Belle's brother, Bernard Belle, who is a producer, writer and musician, lives in Teaneck.
"He's done things for everybody from Whitney Houston to the Winans to...me," she says.
"And I have quite a few cousins and other relatives who live there," Belle adds. "My grandmother, who passed last Thanksgiving, lived to be 100 years, two months and 18 days old. So how about that? Talk about your roots; I have really great roots there."
Belle lives in Atlanta these days, where she's referred to as 1st Servant Minister Regina Belle-Battle at the New Shield of Faith Worship Center. That doesn't mean she's not still performing or recording. Belle released her first gospel album, Love Forever Shines, in 2008 and followed it up this past June with her second collection of gospel songs, Higher, which includes such tracks as "Make an Example Out of Me," "What Would You Do" and "Mighty in Battle."
Belle seems pleased with the results.
"I think I had a lot more to say," she says. "My musicianship is better. I think my writing is better. My relationship with God is better. In terms of where I was on the first record and where I am now, there's a point of elevation, of growth that has happened. I had a better perception of direction with this record, because I've been in it a little longer now and I've had some opportunities to hear from God and hear what it is that he really wants me to do musically. So I'm really excited about the ministry of this record."
Belle's worlds collide on occasion, and they do so harmoniously. At concerts, she still performs the mainstream songs that made her a star. Belle can do so, she notes, because neither they, nor she, was salacious.
"I sing the pop and R&B and then I go into the gospel," she says. "What ends up happening, always, is that the gospel makes more of an impression on the people than the songs they came to hear. People say, 'I came to hear "Make It Like It Was" and "Baby Come to Me," but I really love what you're doing now.' That's the job of gospel music. It's supposed to make a difference. It's supposed to challenge you as a person, to make you step up, to make you better."
Local fans will have their chance to hear and see Belle in person when she takes to the stage at bergenPAC on Sept. 15. She'll open that night for Morris Day and the Time.

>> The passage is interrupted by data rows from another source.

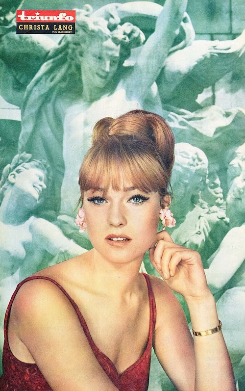 American actress Christa Lang is known for her many collaborations with director and husband Samuel Fuller, including The Naked Kiss, Shock Corridor, Underworld U.S.A., and his underrated racial drama White Dog. She also appeared in Jean-Luc Godard’s Alphaville, Peter Bogdanovich’s What’s Up Doc? and has already wrapped The Queen of Hollywood Blvd., to be released later this year. The above shot, showing her in front of a backdrop depicting Jean-Baptiste Carpeaux’s famous sculpture “La danse,” which is located on the façade of the Opera Garnier in Paris, appeared in the Spanish magazine Triunfo in 1965
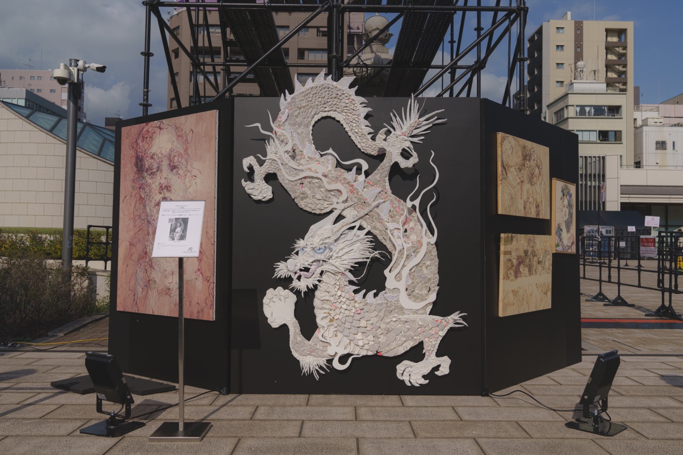 そんな中、入場ゲートを進むと、これこそ“圧巻”という言葉が相応しいとも言える2機の盆栽が来場客を迎え入れてくれた。 隣には、古着が木目込まれた平面かつ立面的で緻密に計算された、まるで錯覚を呼び起こすようなトリックかつサスティナブルなアートが聳え立つ。進むと、繊維で施された更なる繊細なアートが見るものを魅了し、そんな驚きも束の間、通路反対を見ると、約5.4mの巨大な障子にtattoデザインが施された和紙のアートが強固たる存在感を解き放っていた。
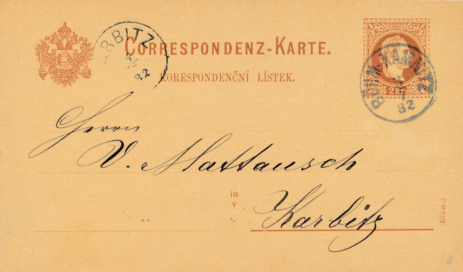 2 Kreuzer - Ganzsachen - Karte 1882 aus Böhm Kamnitz (13598)
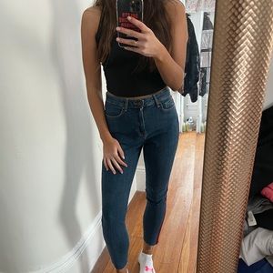 Forever 21 High Waist Side Striped Skinny Jeans with Frayed Hem
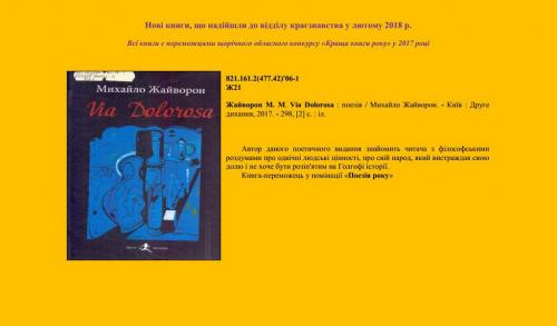 Нові книги, що надійшли до відділу краєзнавства у лютому 2018 р.
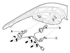 5. Replace the stop lamp(A), the tail lamp(B) and turn signal lamp(C) by turning the sockets counterclockwise.
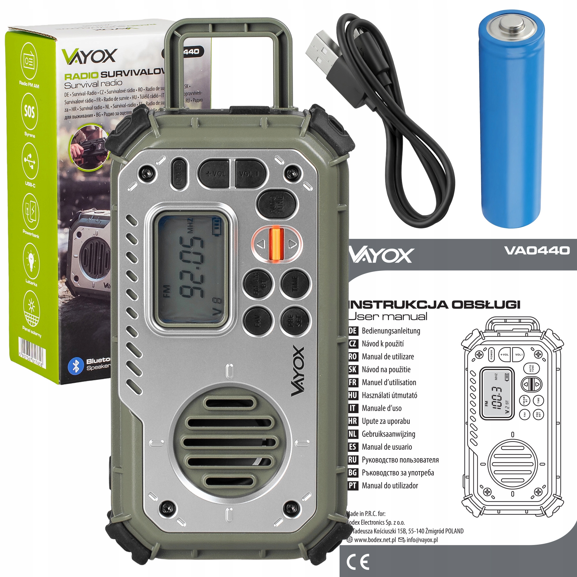 Radio turystyczne survivalowe Vayox VA0440 FM/AM/Bluetooth, Latarka/Powerbank/Solar
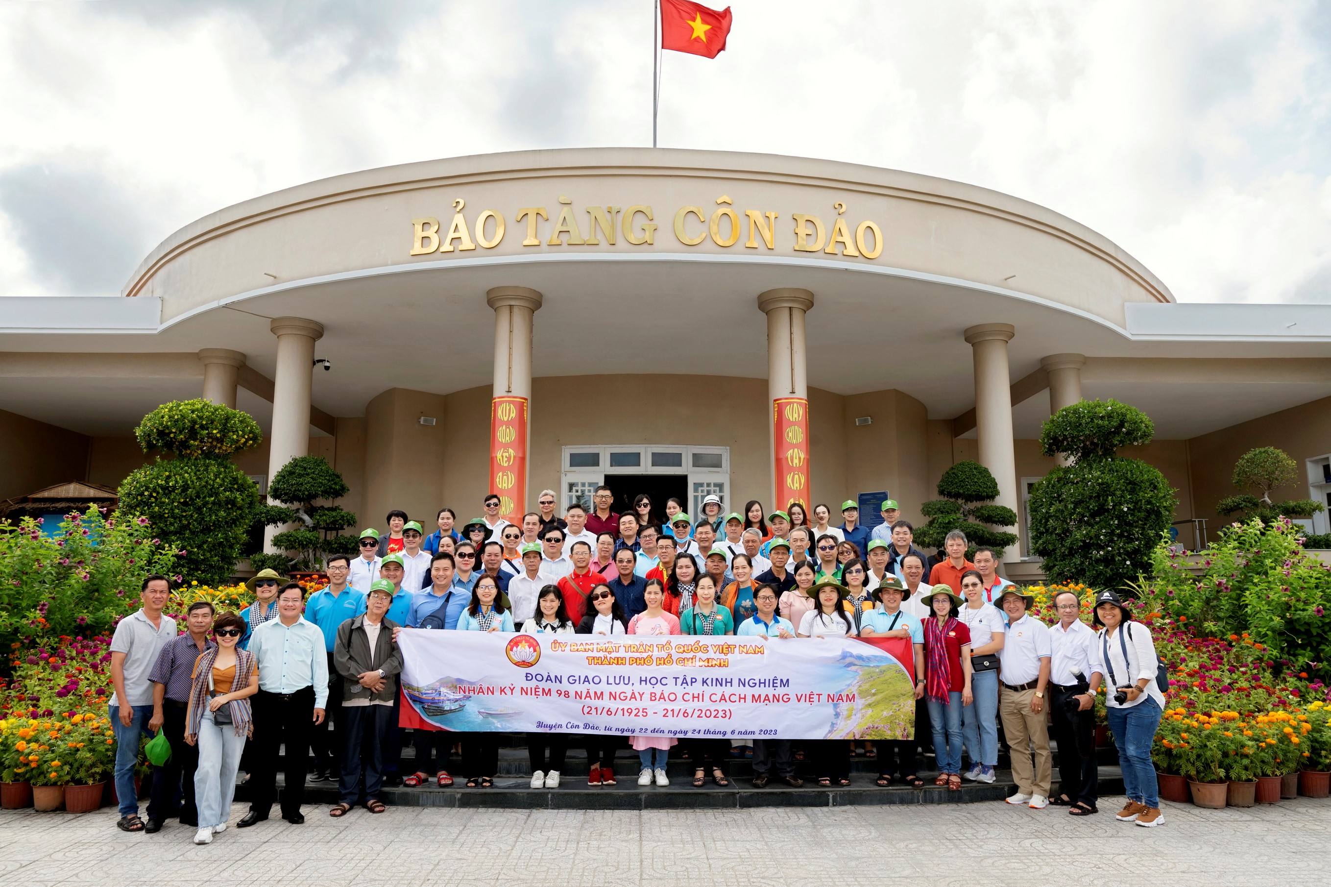 | Ủy ban Mặt trận Tổ quốc Việt Nam Thành phố Hồ Chí Minh thăm, chúc mừng cơ quan báo chí và họp mặt cộng tác viên tại Côn Đảo. (Ảnh: PV) |

Mention the bergenPAC show to Belle and – for all her experience and stage savvy, and even with God on her shoulder – it elicits a surprising, charming and deeply human nervous energy from her.
"I have to be honest with you," she says. "This is the scary part, and people may not understand it. I perform for people all over the world, but whenever I go home it's scary because people there know you. You always want to do a great show, and you're scared that something may not go right.
"So going home...it's going to be wonderful," Belle concludes. "But it's going to be nerve-wracking at the same time."
Remembering Her Roots
There are some places I absolutely have to go when I'm home," Regina Belle says. "Englewood has changed quite a bit, but there are still some of the places around from when I was a little girl. Crispy Crust Pizza Shop, on Palisade Avenue, is where I used to eat pizza almost every day. I've got to go by there. The bagel shop on Engle Street; I used to go there in the morning before school. It's still there after all these years. So, whenever I'm back, I get my pizza and my bagel, and I'm looking forward to that."